New York, June 12, 2020 — Moody’s Investors Service (“Moody’s”) has today placed the Government of Senegal’s Ba3 foreign and local currency issuer ratings and its foreign-currency senior unsecured ratings on review for downgrade. Concomitantly, Moody’s has affirmed Senegal’s Not Prime (NP) short-term foreign-currency and local-currency issuer ratings.
The decision to place Senegal’s ratings on review for downgrade reflects Moody’s assessment that the country’s participation in the G20 Debt Service Suspension Initiative (DSSI) raises the risk that private sector creditors will incur losses. The suspension of debt service obligations to official creditors alone would be unlikely to have rating implications; it provides liquidity relief at a time when Senegal’s fiscal position is under pressure as a result of the global coronavirus shock. However, the G20’s call on private sector creditors to participate in that initiative on comparable terms raises the risk of default on privately-held debt under Moody’s definition.

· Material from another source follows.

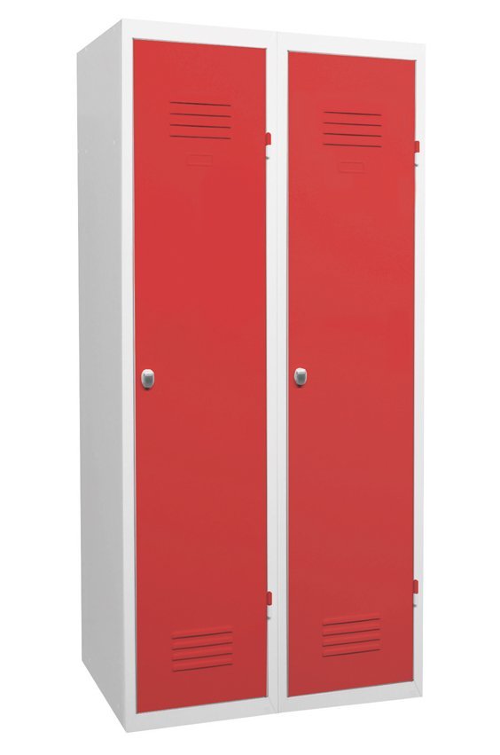 Dvojdverová kovová šatňová skriňa na podstavci. Šírka 800, výška 1800, hĺbka 500 mm, cylindrický zámok alebo uzáver pre visací zámok. Zvislá medzistena pre oddelenie čistých a špinavých odevov. Farba korpusu RAL 7035, svetlosivá.

The government has expressly stated its commitment to comply with all of its contractual obligations vis-a-vis private sector creditors and does not intend to extend the DSSI to them. However, this contrasts with a call by the official sector for commercial creditors to contribute to debt service relief.

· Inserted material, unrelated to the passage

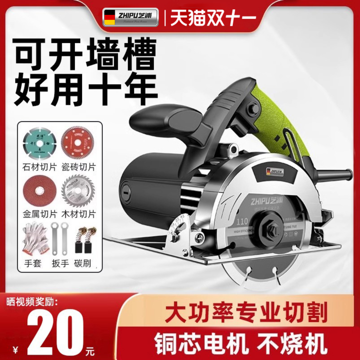 德国芝浦切割机家用小型木工专用手提瓷砖石材金属开槽云石机电锯

Consistent with Moody’s approach globally, the review period will allow the rating agency to understand the significance of the statement in the Debt Relief term sheet that private sector creditors should participate on comparable terms. The review will assess whether Senegal’s participation in that initiative will indeed be implemented without private sector participation, in which case the rating will likely be confirmed at the current level; or, if not, what lower rating would be consistent with expected losses.
All long-term ceilings for foreign-currency and local-currency deposits and debt remain unchanged at Baa1.